On peut expliquer la défaite par l’infériorité du matériel soviétique … ou par le fait que
l’URSS, qui reste dans une logique de détente Est – Ouest, n’a pas livré aux Syriens son
meilleur matériel. Qu’on retienne l’une ou l’autre hypothèse, la conclusion est la même :
l’alliance militaire avec l’URSS n’offre pas de protection absolue.
Enfin l’URSS de Gorbatchev (à partir de 1985) est plus préoccupée par ses
problèmes intérieurs que par de grands projets au Moyen-Orient.
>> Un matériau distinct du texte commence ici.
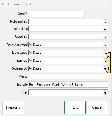 - Select Customers > Rewards > Find, enter your search criteria in the window below
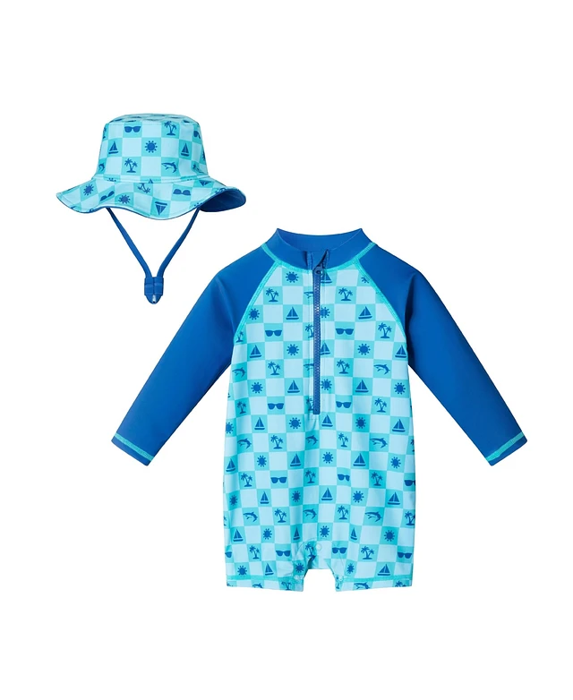 Andy & Evan Baby Boys Beach Theme Swim Romper w/Hat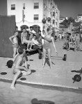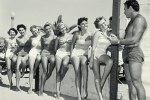 Marilyn went to Europe with the son of famous movie director on a ocean liner after we broke up. She lived in Paris France with her sister. For two summers Marilyn and I would go to Santa Monica Beach and rent rafts which we rode the waves to shore on. At fifteen and sixteen, her long beautiful blonde hair was like a banner on the beach, but, she was not one of them. We talked about the surfer cult at University High School. Surfers bleached their hair a white-blonde, drove Volks Wagons, and wore German Iron Crosses. I took note of these Aryans when I moved from Oakland. At a rally, my schoolmates rose, held out their arm and gave a V for Victory sign – to our school song which was similar to the German National Anthem. Today, the are surfer Wolf gangs Surf Nazis who defend their territory – the Fatherland of the Water Nymphs – who gathered on shore wearing the latest Bikini from France. Take, take, take!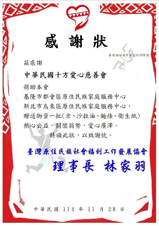 到基隆市都會區原住民族家庭服務中心,捐助關懷物資一批,讓愛心延伸
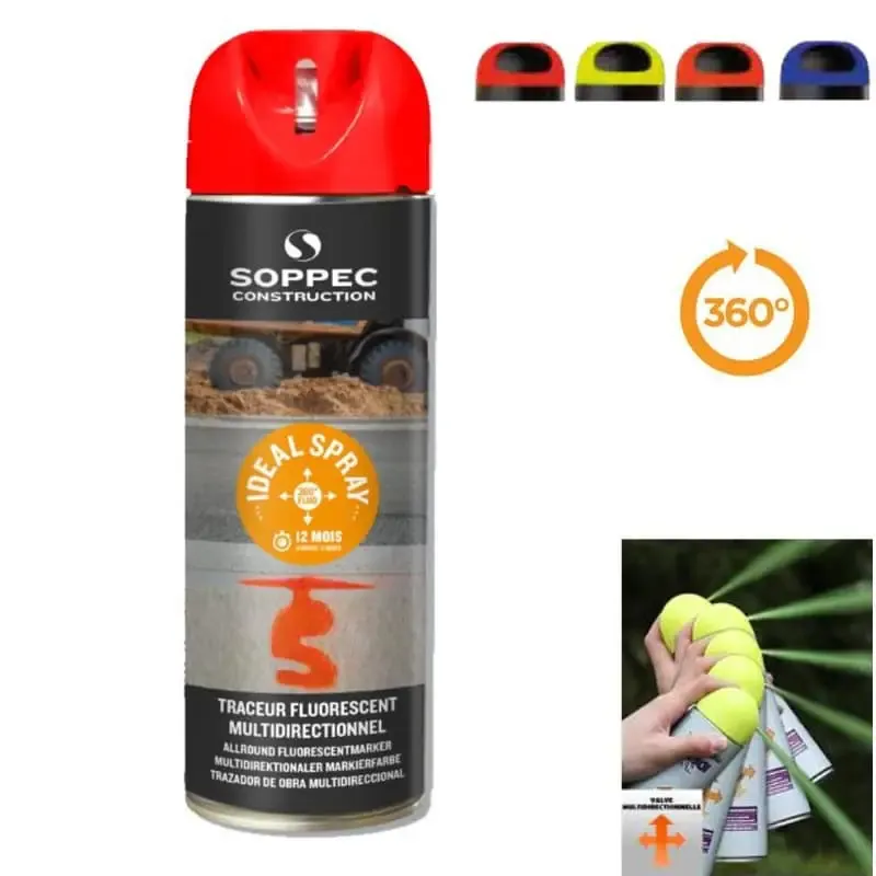 Spray marcador obra de la marca Soppec modelo 360 IDEAL utilizado para todo tipo de trabajos de marcación y localización en cualquier dirección gracias a que su válvula es multidireccional de 360º.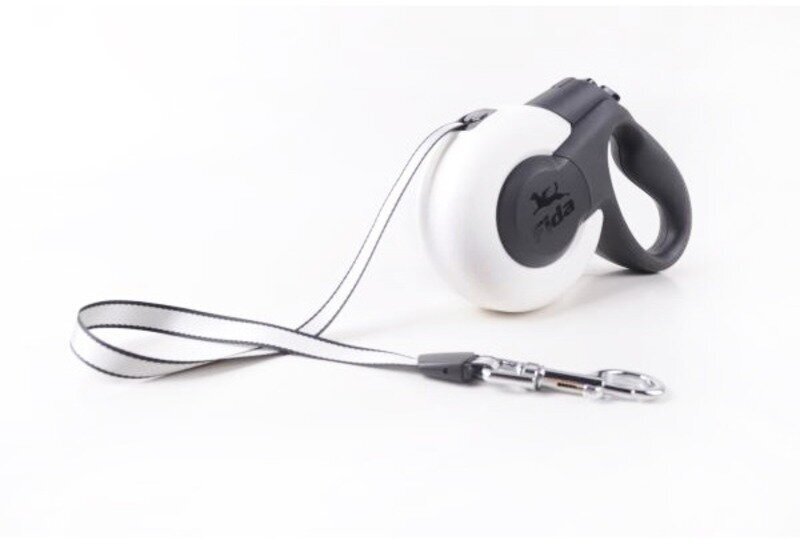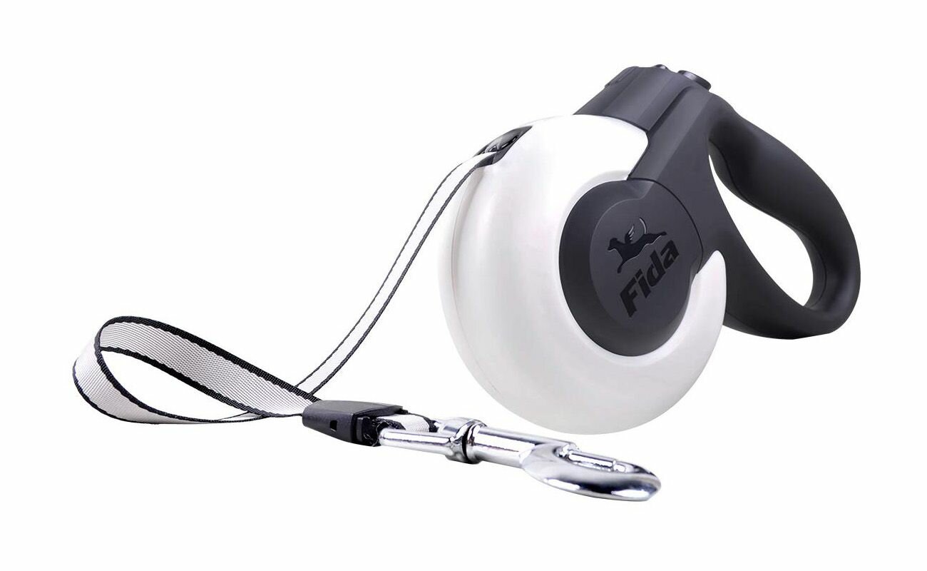 Поводок-рулетка для собак Fida Mars ленточная (L) 5 м белый/черный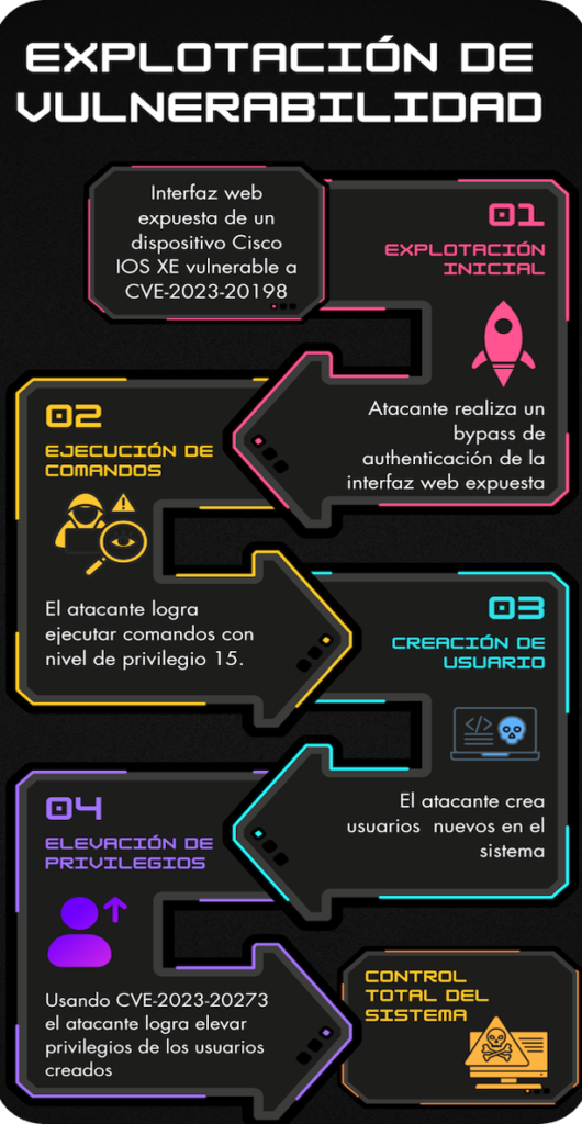 A mediados de octubre de 2023, CISCO publicó la vulnerabilidad CVE-2023-20198 que afecta la interfaz de usuario (Web UI) del software Cisco IOS XE.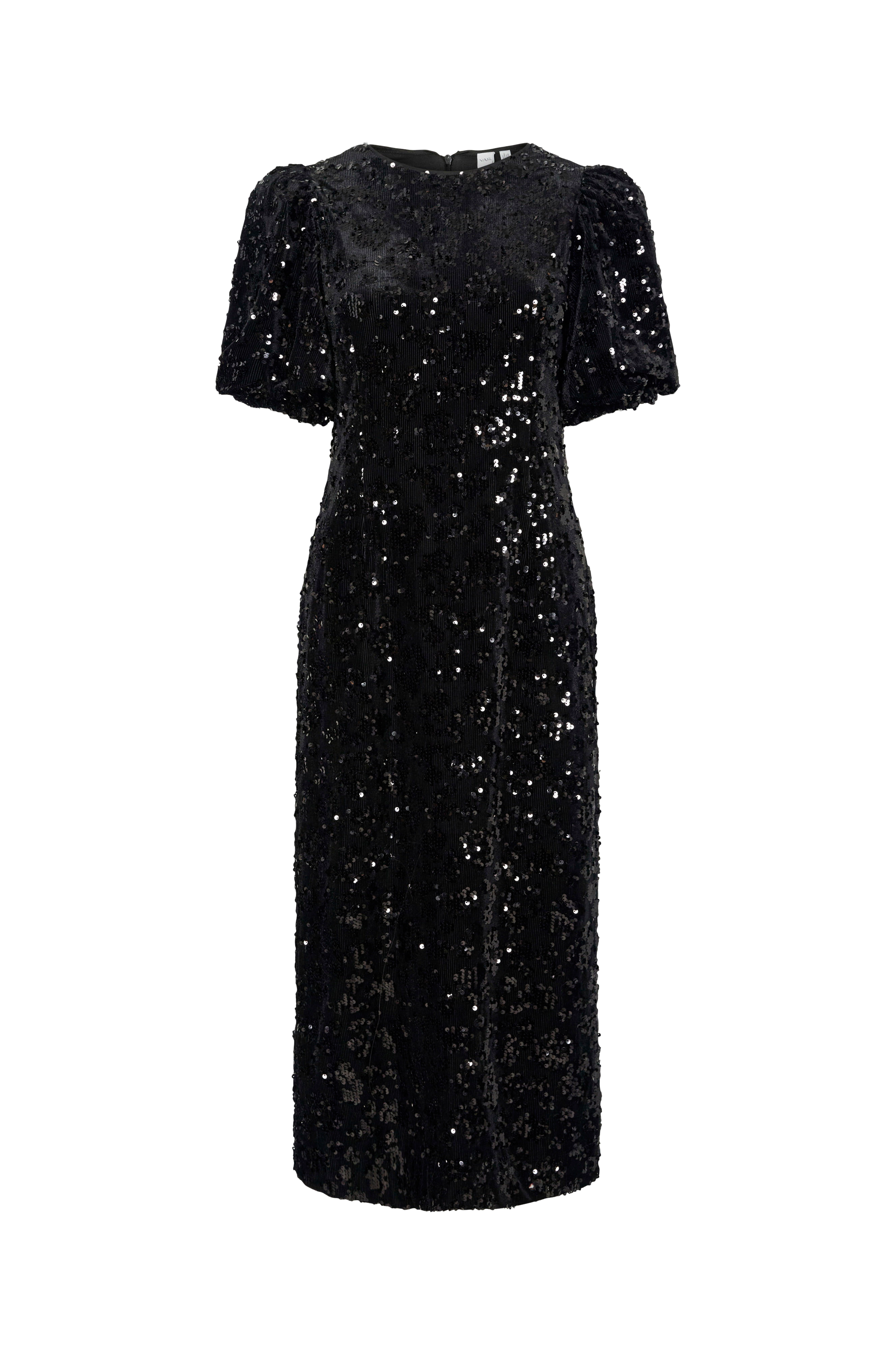 • Kjole med dekorative pailleter• Rund halsudskæring• Skjult lynlås i ryggen• Korte ballonærmer• Tekstilforing• Slids nede bagved• Længde: 121 cm i størrelse S

Elle fait savoir à la
Syrie qu’il faudra désormais payer les livraisons d’armes.
Tout ceci est balayé par la tornade de 1989 – 1991 : le mur de Berlin tombe, les
démocraties populaires s’écroulent en Europe, l’URSS disparait en décembre 1991. En
1992 il n’y a évidemment plus d’alliance soviétique au Moyen-Orient. Cela laisse-t-il la
place à un ordre entièrement organisé et contrôlé par les Etats-Unis ? Non, car un nouvel
acteur est apparu : l’islamisme.
2 Emergence d’un nouvel acteur : l’islamisme
Essayons une définition. L’islamisme ne se confond pas avec l’islam. C’est le
courant porté par les musulmans qui voient dans l’islam, non seulement une religion,
mais aussi un projet de société et un programme politique. Le slogan qui pourrait le
mieux les définir est celui des Frères musulmans (organisation fondée en Egypte en
1928) : « l’islam est la solution ».
Sur cette base s’est lentement construit un mouvement multiforme, dans lequel
on trouve des états, des forces politiques, des courants intellectuels, et aussi de larges
secteurs des sociétés musulmanes partageant plus ou moins l’idée que « l’islam est la
solution ». Un courant aussi large est forcément très diversifié. Il ne faut donc pas
s’étonner d’y trouver des positions très différentes, et parfois de violents conflits.
L’islamisme a longtemps cheminé de façon souterraine, avant de surgir
brutalement au grand jour au tournant des années 1970-80. On peut donner deux
explications à cela. En premier lieu il n’est pas surprenant qu’un héritage intellectuel
aussi riche que celui de l’islam ne se soit pas dissous dans la modernité sans donner son
avis sur l’avenir du monde. En second lieu, l’échec des autres projets de modernisation
(unité arabe, socialisme arabe …) était patent à la fin des années 70. Il y avait place pour
un nouveau porteur d’espoir. Ce fut l’islamisme.